According to Sevastyanova, she and her children, aged 4, 7, 9 and 12, arrived at the school at 8:30 Monday morning, just minutes before the police surrounded the building. She said about a dozen of the school's 150 children and a few teachers were also in the building before the police arrived, roping off the school grounds and blocking the entrance with two OMON buses.

By noon, some 30 students stood with their parents and teachers outside the building in the icy wind, forbidden by the police to go inside. Both the children and adults were sad and confused about the fate of their school, which comprises grades 1-11 and accommodates just 150 students.

"This school is different because we are not only taught to become intelligent people, but also decent people.
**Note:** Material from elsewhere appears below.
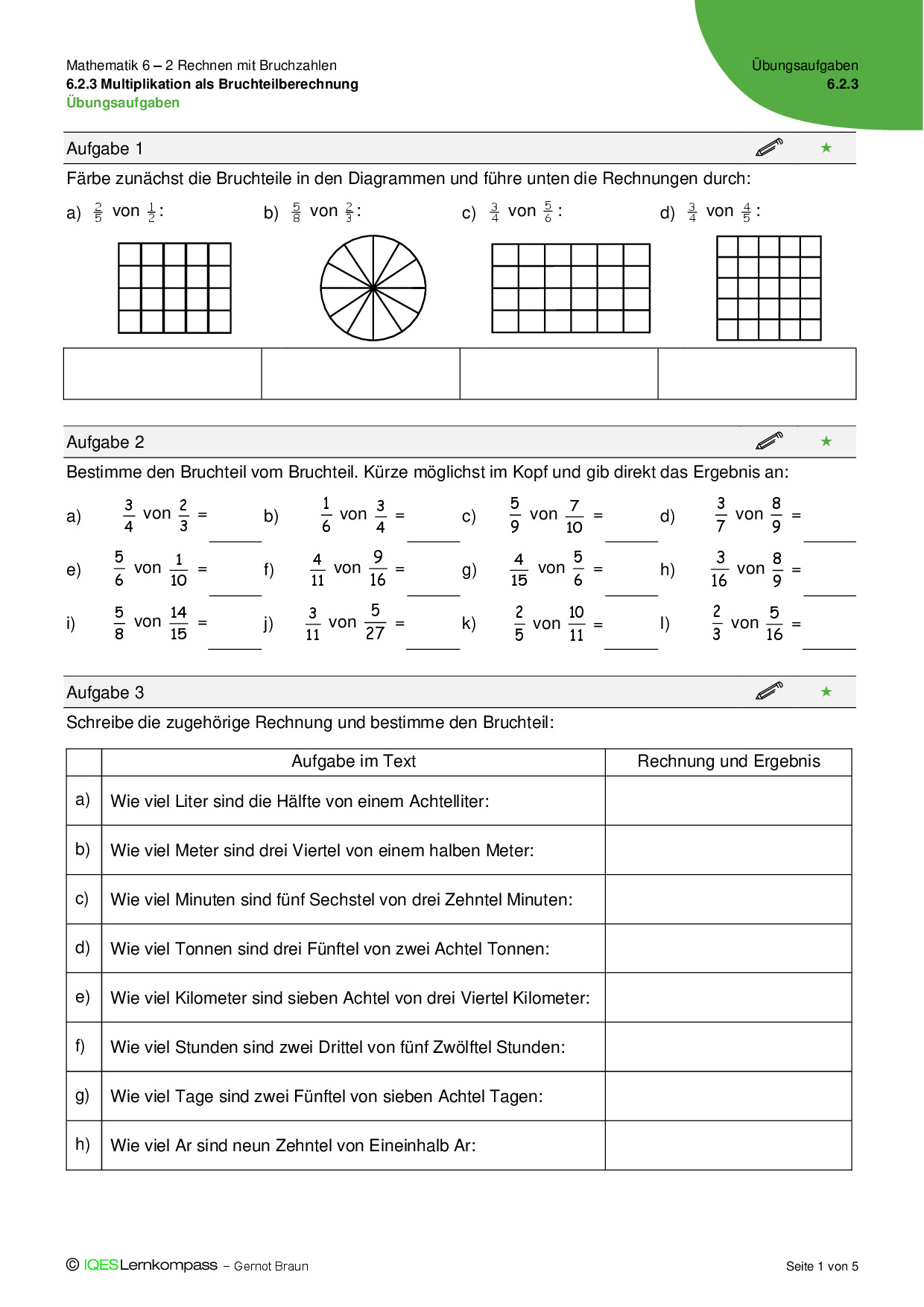 6.2.3 Multiplikation als Bruchteilberechnung – Übungsaufgaben mit Lösungen

We are taught to follow Christ's commandments," said Yura, 9, a Russian Orthodox third-grader who arrived at the school too late to get inside.

"I hope that we'll get the school back. We won't be taught such things at other schools," Yura said.

By 6:30 Monday evening, some 60 children had managed to work their way inside the school, Sevastyanova said by telephone. Some of the children later left, she added.

"They got inside through back doors, windows, I don't know how," she said. "We're all very scared. We feel like hostages here, but we won't leave. I heard the police say that as soon as we go outside, they'll shoot."

Gary Vander Hart, an American who teaches the Old Testament, theology and church history at the SOC school, said his Russian students' level of interest in their classes was "humongous."

"I've taught in America for 30 years, and I've never had so many students who are interested in school," Vander Hart said.

Police refused to justify their actions, providing journalists with only a press release explaining why the SOC was obligated to clear the building.

According to Ivanova, speaking Monday from Holland, where she was visiting the school's Dutch funders, tax police and police officials since 1995 have been threatening to harm or even kill her if she does not let them have the building.

The most recent in a string of what Ivanova claims to have been some 15 attacks, she was allegedly shoved into a strange car near the school building last Wednesday night, and threatened with a pistol by two men, who told her they would kill her if she refused to give up the building.

According to Ivanova's husband, SOC president Konstantin Ivanov, it is the school's prime location that city authorities are after.

"I don't think all of this would be happening if we didn't have a building right off Nevsky Prospect," Ivanov said Monday from his home. "Somebody needs this house."

School members agreed.

"I would be very sad if [the authorities] close the school down. They may have a legal right to do it - but do they have a moral right to do it?" Vander Hart said. "Is love the primary reason here, or money?"